The weather started to break with beautiful sunshine peaking through. We decided that we want to take Little Pus and have a bit of a look around further up the Port Hacking waterway. Who knew!!!!!! literally hundreds and hundreds of beautiful waterfront properties most with private jetties and beach houses and boats parked out the front. Both Nola and I were astounded we never imagined that this even existed in Australia. The houses were beautiful with spectacular trees and gardens as well as envious beach houses on their docks. We meandered our way up the first channel called Gunnamatta Bay, with a lovely cup of tea (of course coffee from me) admiring the wealth.

It's Good Friday. We awoke to an armada of boats heading to our little beach. From small runabouts to enormous multi-storey powerboats. There was even a few monohulls and cats in amongst the mix. We were glad we were on the mooring ball as we had a set radius and people appeared to respect this.

Today was the day we were going to explore Jibbon Head, the most northern extent of the Royal National Park. We noted that there were some aboriginal art in the area and were keen to get some more land time. Typically rather than follow the track we clambered around the headland on the left side of the beach.
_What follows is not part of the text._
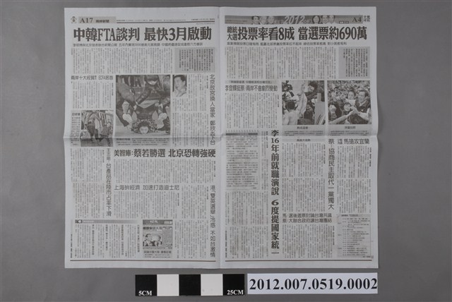 此為2012年1月12日發行的《中國時報》A3、A4、A17、A18版。內容要目計有〈宋:沒有棄保 只有選賢與能〉、〈連棄保喊話 宋:藍不是才說民調遙遙領先?〉、〈總統大選投票率看8成 當選票約690萬〉、〈李登輝挺蔡:兩岸不會劇烈變動〉、〈高雄大造勢 蔡:協商式民主取代一黨獨大〉、〈少輸為贏 馬搶攻宜蘭〉、〈馬:選後邀蔡討論臺灣共識 蔡大聯合政府讓臺灣團結〉、〈李16年前就職演說 6度提國家統一〉、〈中韓FTA談判 最快3月啟動〉、〈兩岸十大經貿事件 ECFA居首〉、〈北京故宮換人當家 鄭欣淼下台〉、〈美智庫:蔡若勝選 北京恐轉強硬〉、〈王志剛:臺產品在陸市佔率下滑〉、〈上海拼經濟 加速打造迪士尼〉、〈港「雙英選舉」冷感 不如臺激情〉、〈凱薩的面具:蔡英文唱的 其實是一首天上曲〉(王健壯)、〈學界利益衝突 應加規範〉(周成功)、〈教育有缺憾 生命失焦了〉(陳復)等。 此物件刊載2012年的第13任總統副總統選舉的相關報導,此次選舉由代表中國國民黨的馬英九、吳敦義;代表民主進步黨的蔡英文、蘇嘉全;代表親民黨的宋楚瑜、林瑞雄參與選舉。在選舉當中,中國與臺灣的「兩岸政見議題」成為人民選舉的重要觀察指標(王顥穎,2015:48-75)。另外、「塑化劑」、「宇昌案」、「夢想家音樂劇」、「三隻小豬」等等,都成為影響當時人民投票意向的事件。最終,代表國民黨的馬英九、吳敦義組合當選,馬英九成功連任第13任總統。 《中國時報》的前身為《徵信新聞報》,是由曾任中國國民黨中央常務委員的余紀忠所創立報紙,在1968年9月起改名為《中國時報》。在余紀忠主導下,《中國時報》被譽為「文人辦報」之代表,之後余紀忠於2002年逝世。中國時報報系自2007年起改組轉型為「中時媒體集團」,2008年,中時媒體集團為旺旺集團所收購,更名為「旺旺中時媒體集團」。

Sydney sandstone is a very special rock it has beautiful colours magnificent form and appears to naturally forming steps. In lots of spots, just above the rock are the beautiful natural manicured lawns that had the appearance of being carefully tended but in reality is just one of nature's gifts. Every so often you come across a little waterfall and another patch of beautiful grass. We've rock hopped around to Little Jibbon Beach, climbed the rock face and found a beautiful spot with a natural rock seat, perfect morning tea. It didn’t matter that we had only been walking to less than 20 min. A further 30 m and came across the aboriginal artwork. Which consisted of outlines of local animals of the land and sea and spirit world ground out of the flat sandstone. To me it highlighted that this is an area where for 1000s of years people have enjoyed its beauty and had time and security to spend time there. The walkway and viewing platforms were excellent access and visibility easy.
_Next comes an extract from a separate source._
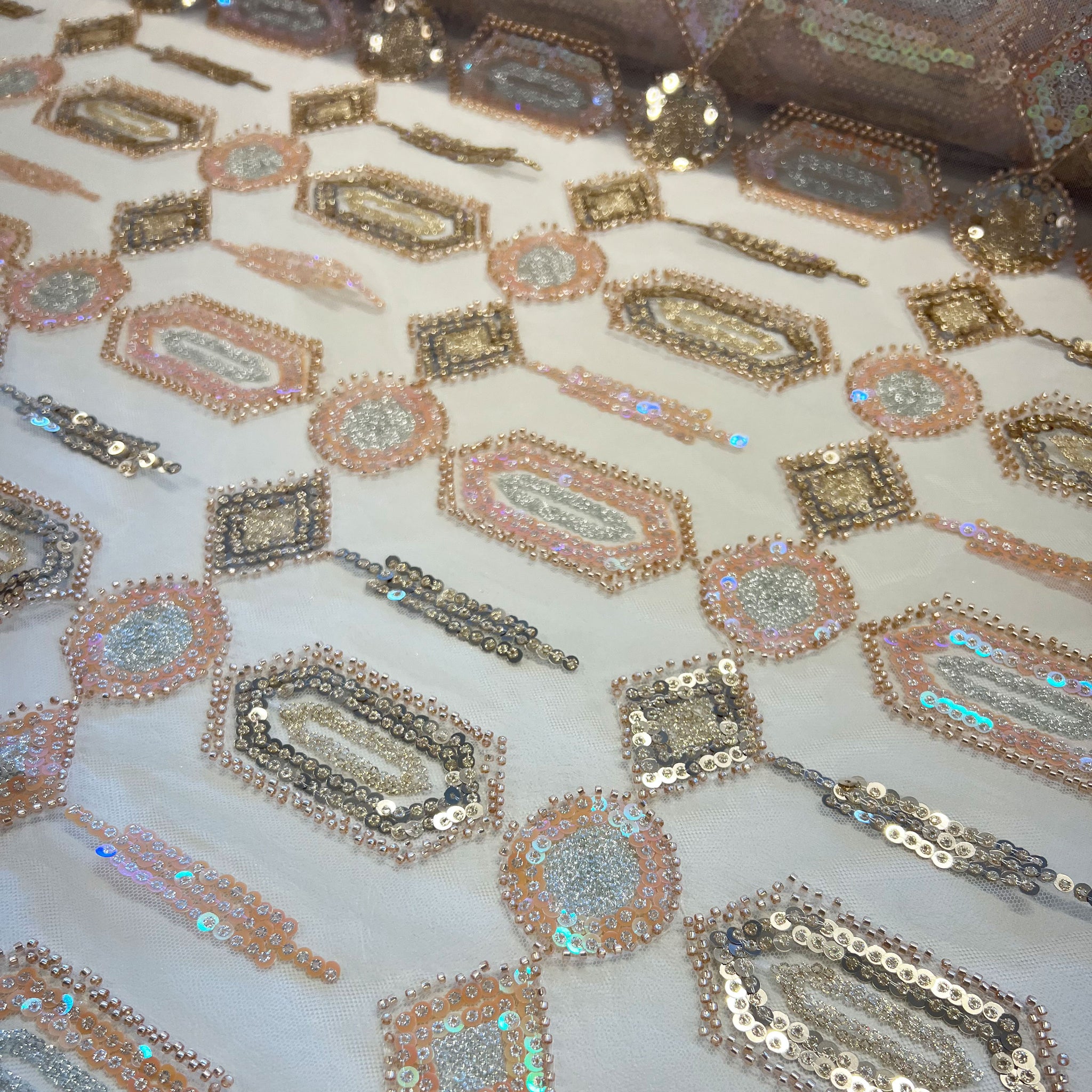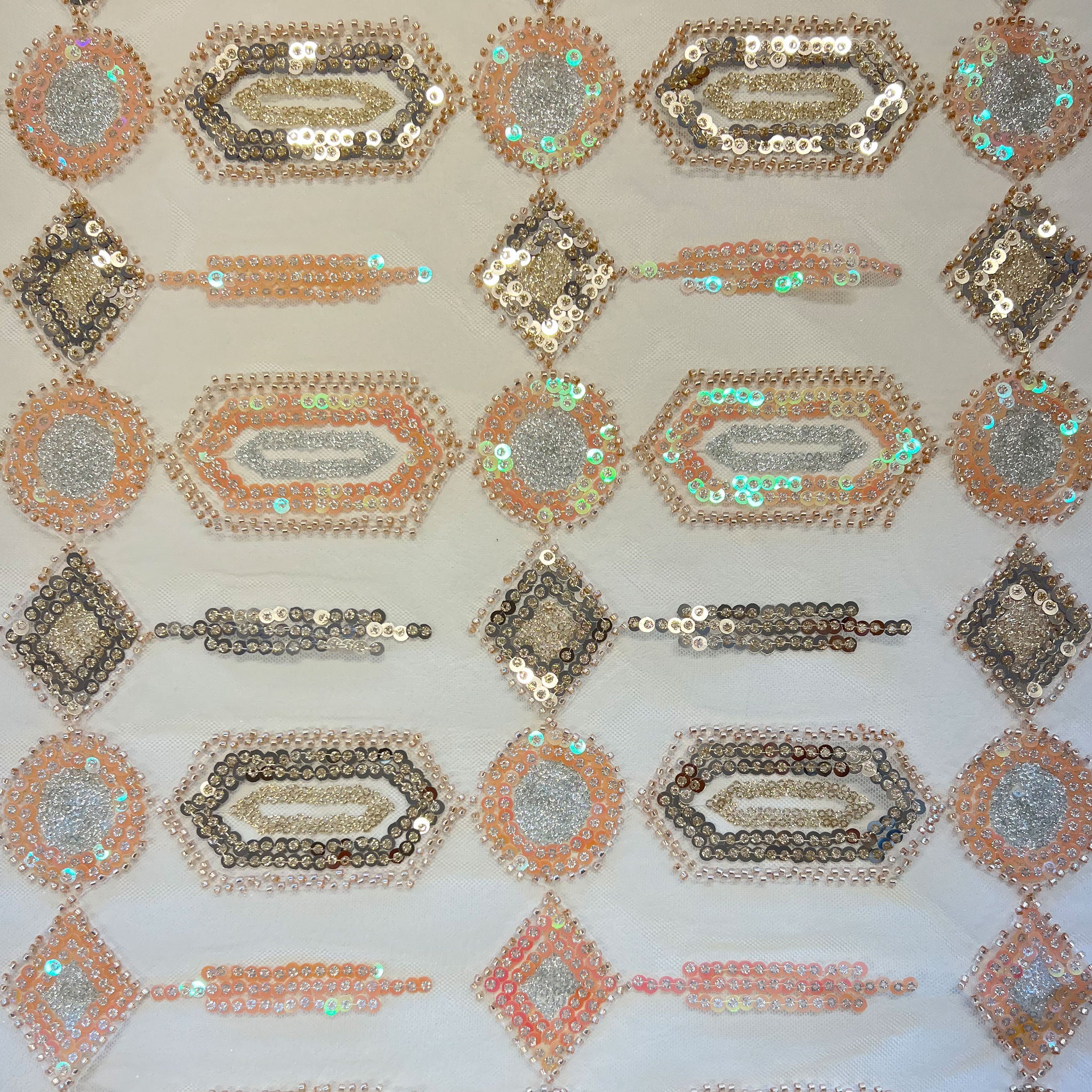 Hypnotised Sequins - Champagne. A polyester mesh base with silver and gold sequins and pinky-peach beading in diamond and circle formations. Live out your sequin dreams in this stunning sequin! Perfect made up as almost any garment – dresses, capes and bold jackets!

From here we followed a very wet and muddy stream a short distance to the ocean side of Jibbon Head, the seas were flat apart from the gentle rolling swell which was markedly different from what we had faced three days earlier. There were lots of boats around with people playing and fishing and enjoying this beautiful part of Australia. We continue around to Shelley’s beach, in reality only a few kilometres and stopped for another cup of tea on another natural seat. Who knew this was here. We certainly didn't having only recently heard of Port Hacking from some other sailing folk, this is a place is a real treasure and would not hesitate about coming back.

Saturday April 16th

We headed back to Bundeena to get some groceries and gelati.  We both agreed the passionfruit was to die for and in reality the only one to eat.  We spent the rest of the day on the boat and watching the passing parade of daytrippers with quite a few taking advantage of the gentle weather and staying overnight. Nola cooked up a big plate of nachos, but ended up being both lunch and afternoon tea and dinner. We were treated to a magnificent sunset, that you never seem to get tired of stopping and watching.

Sunday 17th of April

The parade of boats from Port Hacking started early and by about eight o'clock we had lots of neighbours.  We decided we would take Little Pus further up the Port hacking waterway to Port Hacking itself.  One beautiful place after another, with more spots of natural beauty the further up the water way we went as well as more magnificent waterfront properties, with boats, boathouses, beautiful gardens and magnificent views. The waterways was busy with lots of boats moorings. It was disappointing to note that quite a few had been there for a long time and that is more determined that when we are finished with this adventure that Nauti Kitty wouldn't end up as a boat on the mooring looking for love.  We headed back to Bundeena for more gelati but was somewhat disappointed to see that it wasn't open on Sunday, but the walk was good and lots of people around also enjoying the area.  The weather is favourable for us to leave here tomorrow and heading to Port Jackson and Sydney Harbour itself.